Weighing Web solutions
Cost savings. Some organizations can cut the number of agents needed to service their current query volume; others can avoid future costs by being able to do more work with the same amount of personnel.
Benefits:
Cost savings.
Some organizations can cut the number of agents needed
to service their current query volume; others can avoid future costs by
being able to do more work with the same amount of personnel. Tony O'Brien,
competency leader for the Contact Center Practice at Zamba Solutions said
most integration efforts pay for themselves in less than a year and larger
ones in three to four months.
Better customer service.
Customers can get information answered around-the-clock
through their preferred means of communication, or in many cases, they can
get their answers through self- service. Thanks to more accurate collection
of customer inquiry content, World Wide Web sites can, for example, offer
and routinely modify a "Top Ten Most Asked Questions List."
More accurate reporting.
When all mediums are integrated, contact center
officials can better aggregate and correlate incoming data, enabling them
to more accurately determine future staffing and training needs.
Barriers:
Cultural resistance.
Traditional phone agents may balk at having to
answer inquiries by typing or surfing the Web.
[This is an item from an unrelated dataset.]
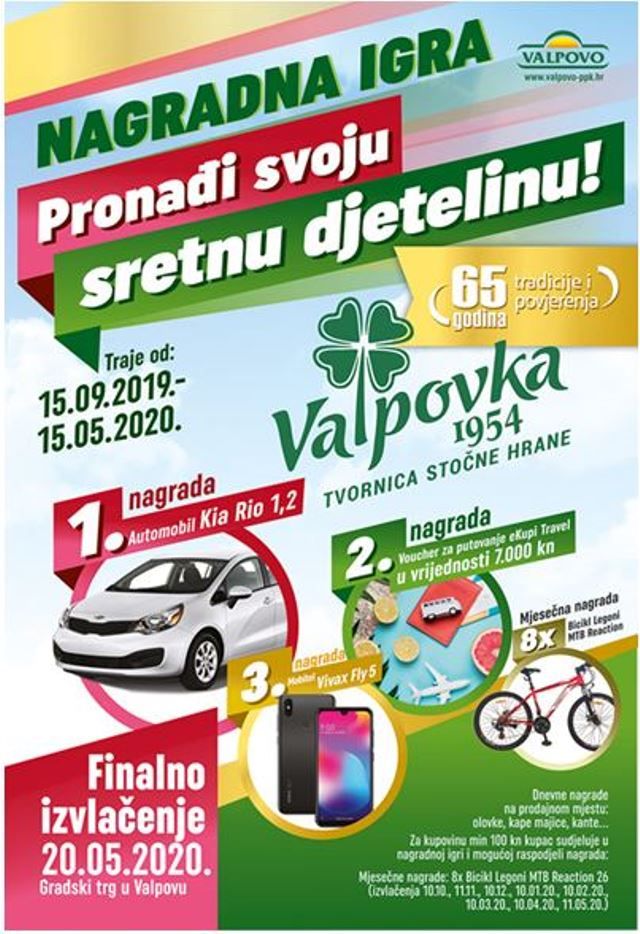 Nagradna igra traje do mjeseca svibnja 2020.godine i uključuje bogate mjesečne i finalne nagrade. Samo izvlačenje glavne nagrade, automobila Kia Rio 1,2, predviđeno je 20. svibnja 2020.godine na Gradskom trgu u Valpovu. Sudionici nagradne igre su kupci proizvoda Tvornice stočne hrane Valpovka u svim prodavaonicama koje te proizvode imaju u svom asortimanu.

And then there's the issue
of bringing together your call center and Web departments. "They all have
their own budget and their own ideas, so bringing them together to work
together on a common solution is probably the biggest challenge agencies
face," said Henry Lai, director of the emerging technology center for the
telecommunications division of the General Services Administration's Federal
Technology Service.
Security.
Agencies need to ensure that as they're opening these capabilities
to citizens, they don't inadvertently allow users to affect, alter or destroy
Web pages.
Training.
To guard against losing efficiency, contact center personnel
need to be trained to respond using multiple mediums.